On second thoughts, taking their brief encounter seriously would probably have achieved exactly the same result, only faster. University gossip had it that the dynamic professor had only rarely been sighted with the same woman twice, which only added fuel to the wild rumours: that he was secretly having an affair with another professor’s wife; that he was a misogynist; that he was a satyr who could never be satisfied by one woman; that he was a closet gay; that he was suffering from a bad case of unrequited love or still carrying a torch for his dead wife.
Of all the rumours, Anne was willing to give credence only to the last. Some judicious shaking of the grapevine had revealed that Hunter had been a widower for over five years, his wife having died while they were living in Australia, and yet his extreme reticence about his marriage seemed indicative of some deep, unresolved feelings. As he was hot-tempered, demanding, impatient and articulate, it had to be a very powerful emotion that was capable of inhibiting his natural expressiveness. If he still felt loyalty to the memory of his wife, that would explain his violent denial of any attraction towards Anne. He had certainly been avoiding any chance of a recurrence, by being singularly elusive.
Unfortunately, it seemed that every time Anne had seen Hunter since that night, she had been welcoming or farewelling a different male, and of course he hadn’t given her the chance to explain the entirely innocent circumstances. No, he had merely given her one of those hooded stares, oozing with suspicion, which seemed to have become his speciality…
On Rachel’s advice, Anne had put up a card on the university library bulletin-board advertising the massage skills that she had acquired while nursing her mother and, somewhat to her surprise, had found herself with a small but regular trickle of clients in the shape of brawny student sportsmen who couldn’t afford professional physiotherapy treatment for their minor injuries but who, if they couldn’t come up with the very modest fee she charged, were willing to swap services which to Anne were even more valuable than money.
Thus she had quickly acquired two terrific male baby-sitters—a catering student who cooked her gourmet meals and a rugby player who chauffeured her to the shops and back. Then there was the trainee soundtechnician who had made her the typing sound-effects tape, no questions asked!
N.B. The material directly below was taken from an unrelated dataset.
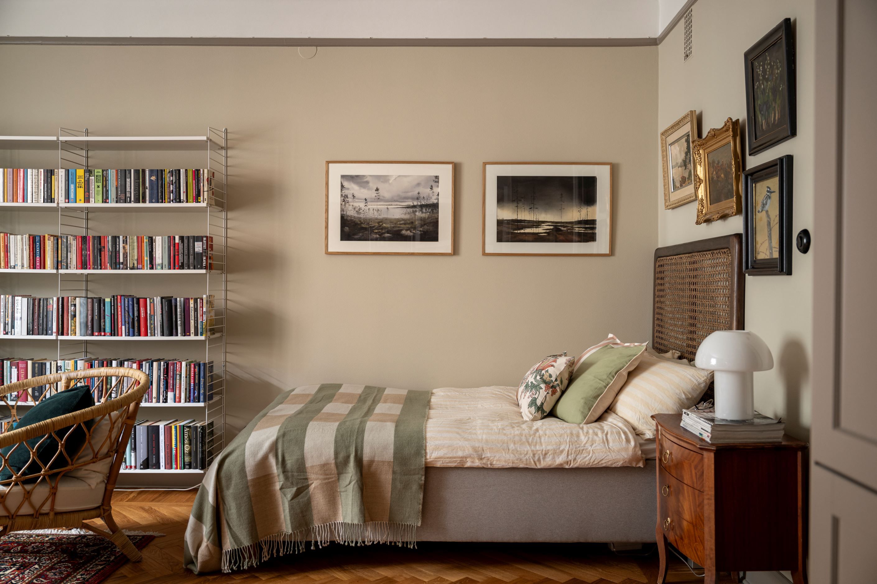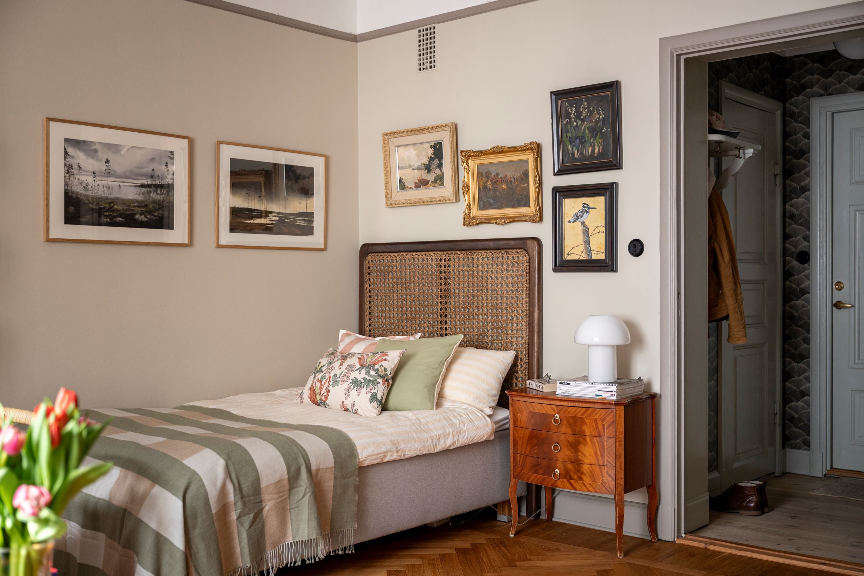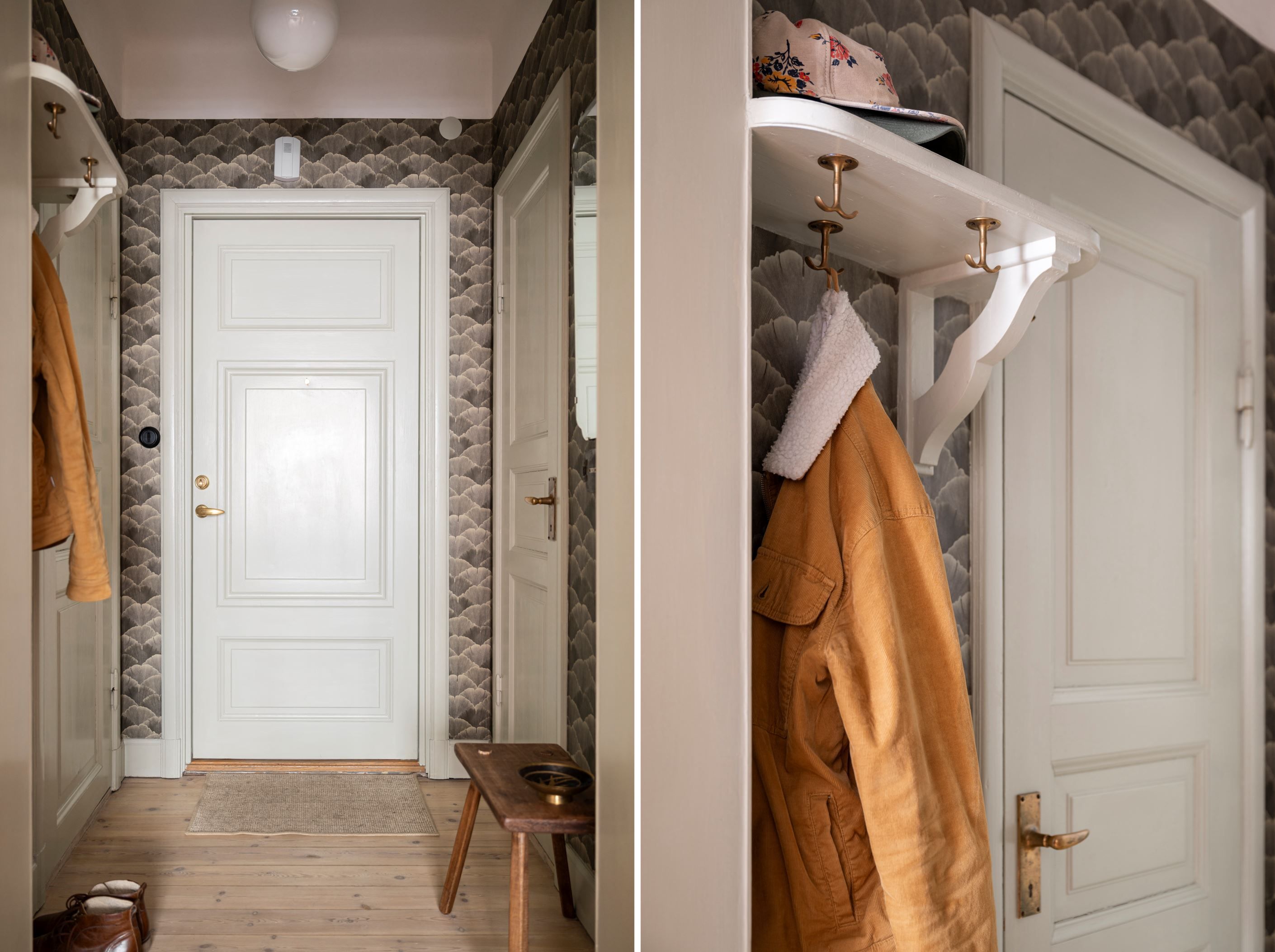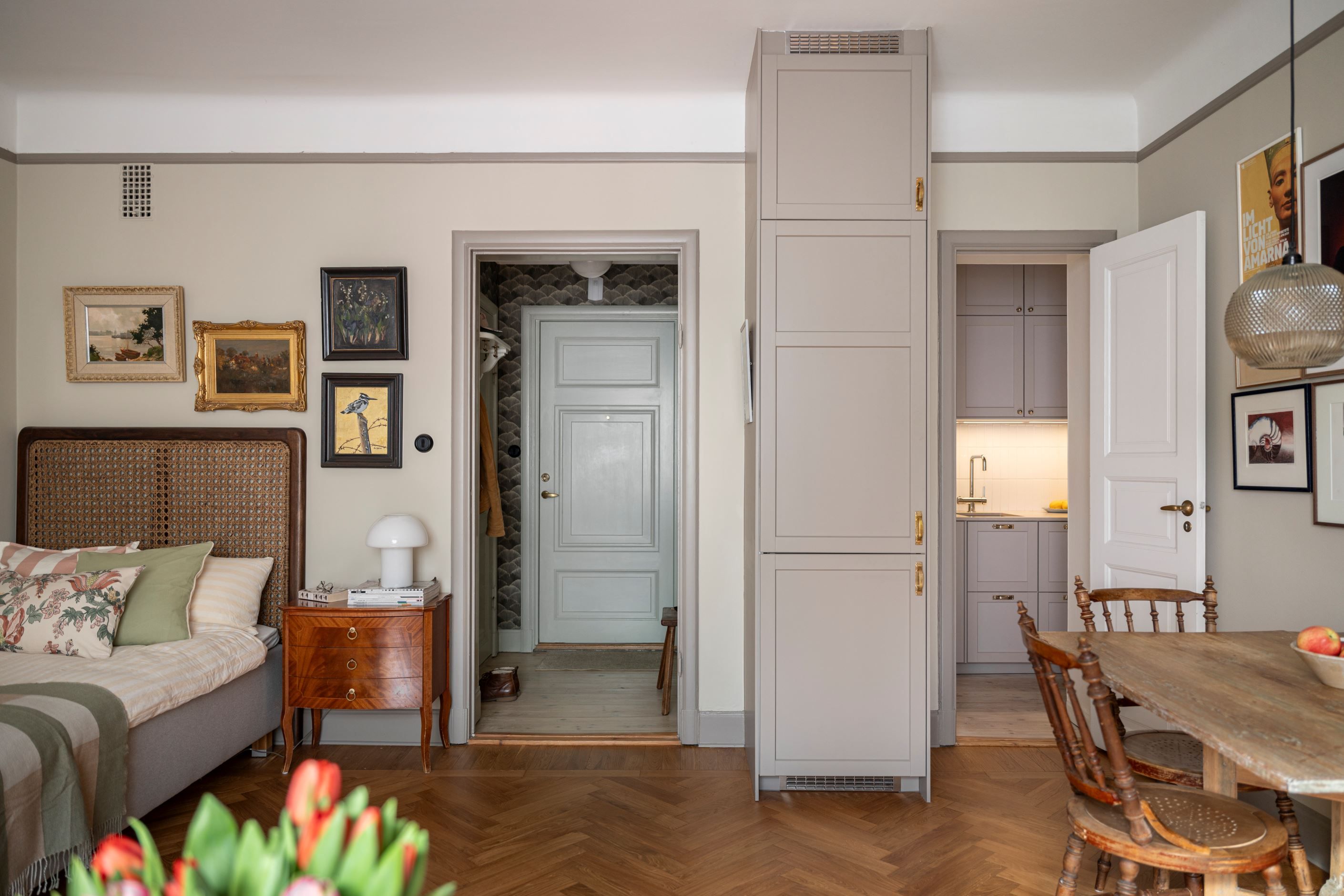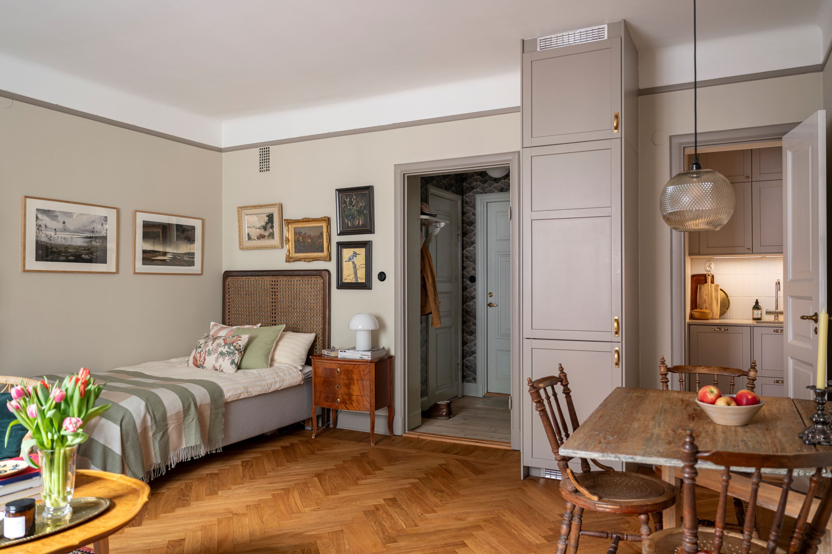 Redan i hallen möts du av en inbjudande känsla med vacker tapet och praktisk hatthylla, här finns även en stor klädkammare som ger goda förvaringsmöjligheter. När du kliver vidare in i vardagsrummet tar den eleganta fiskbensparketten vid och ett stort spröjsat fönster skapar ett härligt ljusflöde till hela bostaden. Rummet är lättmöblerat med gott om plats för både säng, soffa och matplats – ett hem som verkligen utnyttjar varje kvadratmeter på bästa sätt.

Twisting sideways to flip impatiently through her Russian-English dictionary, Anne caught sight of her exercise mat rolled up in the corner of the room and was instantly revisited by last night’s infuriating débâcle.
All Hunter’s worst suspicions about the parade of impressive physical specimens to her door must have been confirmed the previous evening, when he had brought her some mail which had been left in his letterbox by mistake.